More importantly though, you have pointed out some really  major weaknesses.
  Single Level Store has worked to stop lots of other kinds of attacks, so
maybe it should be kept, but a way found to resolve the weaknesses you've
isolated.

One point I wish you would make for my benefit though is: Who's doing
security better, in a commercial environment?

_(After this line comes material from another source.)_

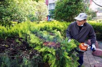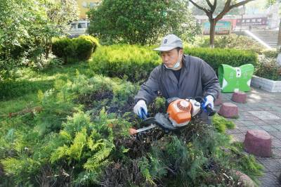 2021年4月15日,十堰市郧阳区园林所的园林工们正在郧阳文化广场修剪绿篱,以打造绿化、美化、净化、亮化的宜居城市,2020年十堰市被评为全国文明城市。

---------------------------------------------------------
Booth Martin   http://www.MartinVT.com
Booth@MartinVT.com
---------------------------------------------------------

-------Original Message-------

From: midrange-l@midrange.com
Date: Tuesday, October 29, 2002 01:34:36 AM
To: midrange-l@midrange.com
Subject: Fix Security (was: Paging file)

From: Steve Landess <steve_landess@hotmail.com>

> SO, what is the solution to the problem, Leif?

>

> I have begun reading your eBook. I was particularly interested in how a

> program can switch into system state and use fake pointers, and I hear you

> talking about the flaw(s) in SLS.

>

> What can IBM do to fix it? Create a new level of system security?

>


There are several things that contribute to the lack of security:
1) the single-level-store that guarantees that once you have
the "keys to the kingdom" you can go everywhere
2) the sloppy, or inexperienced, or (pick your favorite excuse)
mixing of privileged and un-privileged information. E.g. that the
MSR (Machine State Register) is stored in user-accessible
storage (albeit with a fake pointer)
3) the flaw that the system tries to DETECT rather than PREVENT
misuse and faking of pointers. The detection can be gotten around
(cf. chapter 7)
4) the belief that the various checksums cannot be broken and
faked out (general arrogance)
5) and more...

The first thing to do would be to clean up the design so that
the MSR is stored in a separate (protected space). I have it
from good sources that this process has started. There may
be more types of "privileged" modes coming (i.e. more bits in
the MSR), and so on. These things require hardware changes
so do little for the installed machines. The first step is to accept
that thee AS/400 is security-challenged and then constructively
do something about. As long as the developers (and maybe
more their managers) believe the marketing hype about the
absolute invulnerability of the system it will be nard to make
progress, but there seems to be improvement on its way.
Maybe the AS/400 on its deathbed will finally be secure...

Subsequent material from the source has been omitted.